Previously the <url> had to specify an exactly matching user name
and password if those were present in the url being matched against.

Now the password portion is always ignored and omitting the user
name from <url> allows it to match against any user name.

Signed-off-by: Kyle J. McKay <mackyle@gmail.com>
---
 Documentation/config.txt |  23 ++--
 http.c                   | 281 +++++++++++++++++++++++++++++++++++++++--------
 test-url-normalize.c     |  11 +-
 3 files changed, 255 insertions(+), 60 deletions(-)

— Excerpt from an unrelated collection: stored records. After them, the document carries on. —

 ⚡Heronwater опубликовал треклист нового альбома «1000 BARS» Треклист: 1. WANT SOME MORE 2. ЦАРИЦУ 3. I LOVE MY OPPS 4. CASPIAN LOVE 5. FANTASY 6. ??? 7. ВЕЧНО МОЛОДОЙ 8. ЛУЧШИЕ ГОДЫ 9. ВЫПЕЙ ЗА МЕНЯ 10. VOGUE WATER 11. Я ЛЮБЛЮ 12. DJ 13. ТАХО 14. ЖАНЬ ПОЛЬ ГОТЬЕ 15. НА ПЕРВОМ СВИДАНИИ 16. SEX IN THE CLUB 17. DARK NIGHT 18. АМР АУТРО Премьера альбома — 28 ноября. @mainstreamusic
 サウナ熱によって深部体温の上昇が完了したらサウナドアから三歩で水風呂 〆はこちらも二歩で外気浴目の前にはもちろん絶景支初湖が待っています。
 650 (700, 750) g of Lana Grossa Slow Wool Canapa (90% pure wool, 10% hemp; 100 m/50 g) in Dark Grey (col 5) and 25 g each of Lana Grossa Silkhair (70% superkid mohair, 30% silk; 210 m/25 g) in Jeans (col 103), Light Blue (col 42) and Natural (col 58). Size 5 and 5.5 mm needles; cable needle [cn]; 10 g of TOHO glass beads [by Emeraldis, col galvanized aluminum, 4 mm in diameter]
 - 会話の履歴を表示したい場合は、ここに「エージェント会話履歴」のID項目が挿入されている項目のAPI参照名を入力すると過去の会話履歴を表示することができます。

diff --git a/Documentation/config.txt b/Documentation/config.txt
index e461f32..8b32a15 100644
--- a/Documentation/config.txt
+++ b/Documentation/config.txt
@@ -1517,15 +1517,20 @@ http.<url>.*::
 	Any of the http.* options above can be applied selectively to some urls.
 	For example "http.https://example.com.useragent" would set the user
 	agent only for https connections to example.com.  The <url> value
-	matches a url if it is an exact match or if it is a prefix of the url
-	matching at a "/" boundary.  Longer <url> matches take precedence over
-	shorter ones with the environment variable settings taking precedence
-	over all.  The urls are normalized before testing for a match.  Note,
-	however, that any user, password and/or port setting that appears in a
-	url must also match that part of <url> to have a successful match.  The
-	urls that are matched against are those given directly to git commands.

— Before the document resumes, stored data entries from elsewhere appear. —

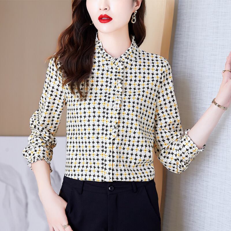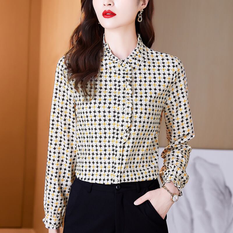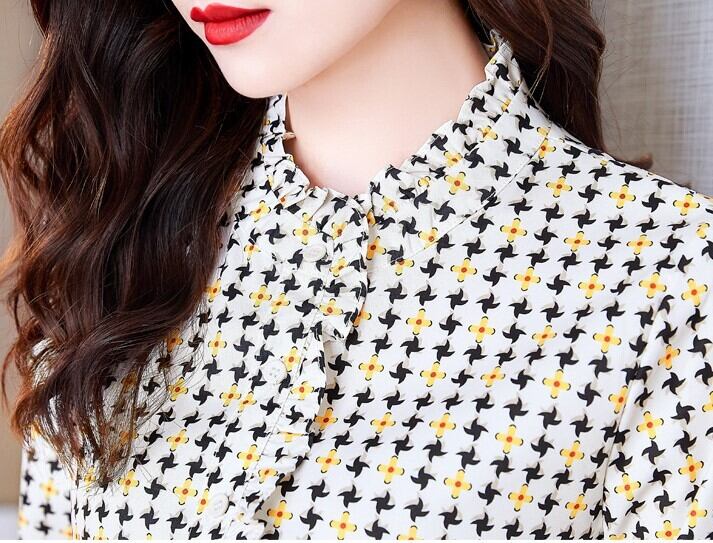ブラウス レディース シャツ トップス 人気 おすすめ おしゃれ お洒落 激安 安い 送料無料 プチプラ 長袖 ロング 細身 美シルエット 華奢見え フリル スリムフィット スタンドカラー 花柄 韓国 可愛い かわいい カジュアル 大人 上品 きれいめ シンプル クラシック エレガント こなれ感 フェミニン モテ 普段使い 女子会 デート オフィス お出かけ 夏 秋 20代 30代 40代 50代 ママ S M L XL 2XL 黄色 イエロー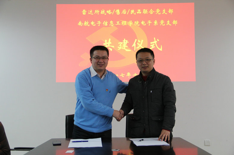 党委书记冯绍红,副院长赵永久,航空工业雷达所战略运营部部长怀靓亮,双方支部书记和委员共同参加会议。双方共同协商了活动方案,制定了年度工作计划,形成了定期沟通协调机制,会上双方支部书记签订了“结对共建”活动协议。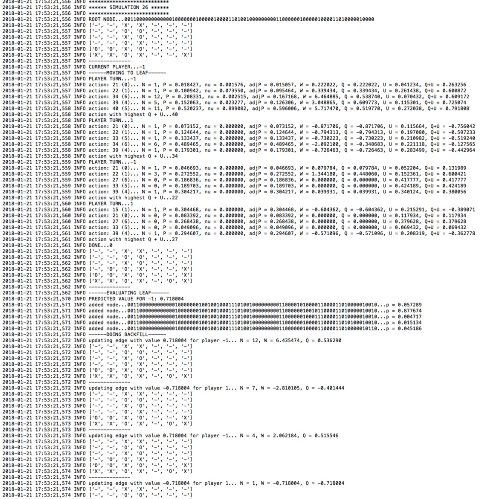 日志文件被保存到 run 文件夹中的 log 文件夹。要打开日志记录,可将该文件中 logger_disabled 变量的值设置为“False”。查看日志文件将帮助你了解算法的工作原理,并了解它的“思想”。例如,下面是 logger.mcts 文件中的一个样例:

-	This means any urls visited as a result of a redirection do not
-	participate in matching.
+	matches a url if it refers to the same scheme, host and port and the
+	path portion is an exact match or a prefix that matches at a "/"

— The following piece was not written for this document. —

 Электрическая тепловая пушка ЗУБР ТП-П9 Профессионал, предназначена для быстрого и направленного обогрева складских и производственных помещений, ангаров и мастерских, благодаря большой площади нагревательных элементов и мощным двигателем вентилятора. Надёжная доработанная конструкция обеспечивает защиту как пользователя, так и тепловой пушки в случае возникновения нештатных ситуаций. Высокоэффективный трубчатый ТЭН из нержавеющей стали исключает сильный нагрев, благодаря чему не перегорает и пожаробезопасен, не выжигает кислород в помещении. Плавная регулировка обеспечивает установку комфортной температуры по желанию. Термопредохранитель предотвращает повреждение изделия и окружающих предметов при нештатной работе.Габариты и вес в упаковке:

+	boundary.  If <url> does not include a user name, it will match a url
+	with any username otherwise the user name must match as well (the
+	password part, if present in the url, is always ignored).  Longer <url>
+	path matches take precedence over shorter matches no matter what order
+	they occur in.  For same length matches, the last one wins except that a
+	same-length <url> match that includes a user name will be preferred over
+	a same-length <url> match that does not.  The urls are normalized before
+	matching so that equivalent urls that are simply spelled differently
+	will match properly.  Environment variable settings always override any
+	matches.  The urls that are matched against are those given directly to
+	git commands.  This means any urls visited as a result of a redirection
+	do not participate in matching.
 
 i18n.commitEncoding::
 	Character encoding the commit messages are stored in; Git itself
diff --git a/http.c b/http.c
index 29e119c..c636d3c 100644
--- a/http.c
+++ b/http.c
@@ -56,7 +56,35 @@ enum http_option_type {
 	OPT_MAX
 };
 
+struct url_info {
+	char *url;		/* normalized url on success, must be freed, otherwise NULL */
+	const char *err;	/* if !url, a brief reason for the failure, otherwise NULL */
+
+	/* the rest of the fields are only set if url != NULL */
+
+	size_t url_len;		/* total length of url (which is now normalized) */
+	size_t scheme_len;	/* length of scheme name (excluding final :) */
+	size_t user_off;	/* offset into url to start of user name (0 => none) */
+	size_t user_len;	/* length of user name; if user_off != 0 but
+				   user_len == 0, an empty user name was given */
+	size_t passwd_off;	/* offset into url to start of passwd (0 => none) */
+	size_t passwd_len;	/* length of passwd; if passwd_off != 0 but
+				   passwd_len == 0, an empty passwd was given */
+	size_t host_off;	/* offset into url to start of host name (0 => none) */
+	size_t host_len;	/* length of host name; this INCLUDES any ':portnum';
+				 * file urls may have host_len == 0 */
+	size_t port_len;	/* if a portnum is present (port_len != 0), it has
+				 * this length (excluding the leading ':') at the
+				 * end of the host name (always 0 for file urls) */
+	size_t path_off;	/* offset into url to the start of the url path;
+				 * this will always point to a '/' character
+				 * after the url has been normalized */
+	size_t path_len;	/* length of path portion excluding any trailing
+				 * '?...' and '#...' portion; will always be >= 1 */
+};
+
 static size_t http_option_max_matched_len[OPT_MAX];
+static int http_option_user_matched[OPT_MAX];
 
 static int curl_ssl_verify = -1;
 static int curl_ssl_try;
@@ -231,7 +259,7 @@ static int append_normalized_escapes(struct strbuf *buf,
 	return 1;
 }
 
-static char *http_options_url_normalize(const char *url)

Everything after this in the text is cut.